Office of Global Criminal Justice
- Seal of the Department of State

Office overview
- Formed: 1997
- Preceding Office: Office of War Crimes Issues;
- Dissolved: 2025
- Jurisdiction: Executive branch of the United States
- Parent department: U.S. Department of State
- Parent Under Secretary: Under Secretary for Civilian Security, Democracy, and Human Rights
- Website: www.state.gov/bureaus-offices/under-secretary-for-civilian-security-democracy-and-human-rights/office-of-global-criminal-justice/

= Office of Global Criminal Justice =

US Department of State office

The Office of Global Criminal Justice (J/GCJ), formerly called the Office of War Crimes Issues (S/WCI), was an office within the United States Department of State. It was abolished in 2025.

==Duties==
The Office was headed by an ambassador who advised the secretary of state and the under secretary of state for civilian security, human rights, and democracy and works to formulate U.S. policy on prevention and accountability for mass atrocities.
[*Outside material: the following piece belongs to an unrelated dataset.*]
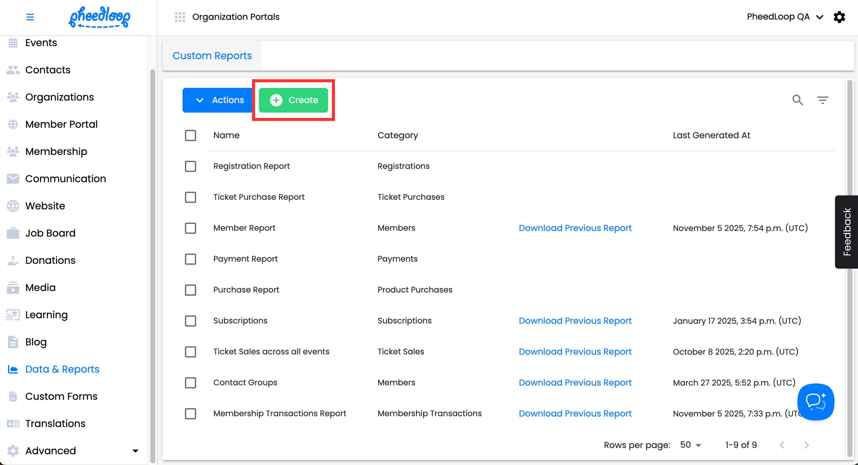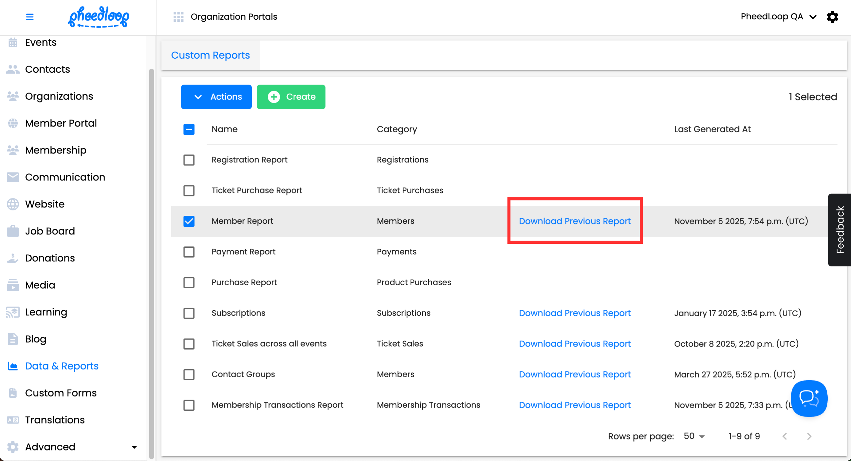 - From the Membership Dashboard, navigate to Data & Reports > Custom Reports

The Office coordinated U.S. government support for ad hoc and international courts currently trying persons accused of genocide, war crimes, and crimes against humanity committed (among other places) in the former Yugoslavia, Rwanda, Sierra Leone, and Cambodia, and helped bolster the capacity of domestic judicial systems to try atrocity crimes. It also worked closely with other governments, international institutions, and non-governmental organizations to establish and assisted international and domestic commissions, courts, and tribunals to investigate, judge, and deter atrocity crimes in every region of the globe. The ambassador coordinated the deployment of a range of diplomatic, legal, economic, military, and intelligence tools to help expose the truth, judge those responsible, protect and assist victims, enable reconciliation, and build the rule of law.
==Last developments==
Previous Ambassadors at Large in the Office of Global Criminal Justice included Todd F. Buchwald, Morse H. Tan, and Beth Van Schaack.

According to reports in Foreign Policy, Secretary of State Rex Tillerson had intended to close the Office and fold its personnel into the Bureau of Democracy, Human Rights, and Labor. In an August 28, 2017 letter to Senator Bob Corker, Secretary Tillerson informed the Chairman of the United States Senate Committee on Foreign Relations that he intended to end or transfer as many as three dozen special envoy positions. The letter provided, however, that the Office of Global Criminal Justice, along with the Bureau of Counterterrorism and the office of the Office to Monitor and Combat Trafficking in Persons, "will be retained and continue to be organized under the Office of the Under Secretary of State for Civilian Security, Democracy, and Human Rights."

The Office of Global Criminal Justice was abolished in early 2025 and some of its former functions were transferred to other offices in the State Department.